We have demonstrated the RMST meta-analysis with a two-stage approach. As well as its popularity in practice [19], the two-stage approach is flexible to determine a parsimonious model for all the trials in the first stage. This is beneficial because the flexible parametric survival model requires the specification of the number of d.f. for the baseline distribution function and the time-dependent coefficient, although a general choice of 3 d.f./1 d.f. is recommended [8]. In addition, the two-stage approach also allows us to investigate the estimated RMST for each trial and to study how much weight is assigned to the trials with non-PH. The RMST meta-analysis can be adapted to incorporate the participant-level covariates and their interactions with treatment effects, in order to detect whether treatments are more likely to benefit patients with specific characteristics. A further extension is to jointly synthesize the 5-year and 10-year differences in RMST using a multivariate meta-analysis model, which may improve precisions due to taking into account correlations of effect sizes estimated at multiple time points [55].

In summary, we have demonstrated the use of RMST in meta-analysis of time-to-event outcomes based on IPD. The difference in RMST is a useful effect measure in a meta-analysis because it avoids the proportional hazards assumption. The measure is interpretable and helpful in situation when treatment effects may change with time.

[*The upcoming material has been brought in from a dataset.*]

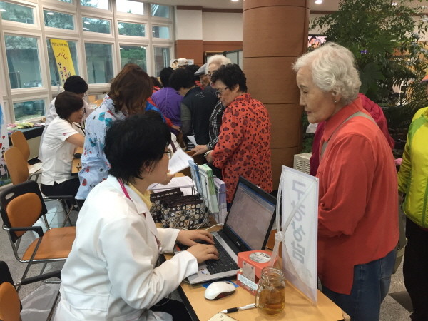경기 동두천시 보건소는 ‘그 이(齒)와의 평생동행, 내 인생의 건강미소’라는 슬로건으로 9일까지 제72회 구강보건의 날 기념행사를 개최한다. 사진은 지난 7일 행사에 참여한 노인들이 보건소 관계자들과 구강 상담을 진행 중인 모습.(사진제공=동두천시청)

Recent development in data reconstruction techniques enables the extension of RMST meta-analysis for aggregate data, and we are currently investigating the methodology in this domain.

Supporting information

Additional supporting information may be found in the online version of this article at the publisher’s web site.

Web appendix

Acknowledgements

We would like to thank an associate editor and two anonymous reviewers for their helpful comments, which have led to an improvement of the paper.

This work was supported by the UK Medical Research Council (MRC) grant to the MRC Clinical Trials Unit Hub for Trials Methodology Research [Grant number MSA7355QP21].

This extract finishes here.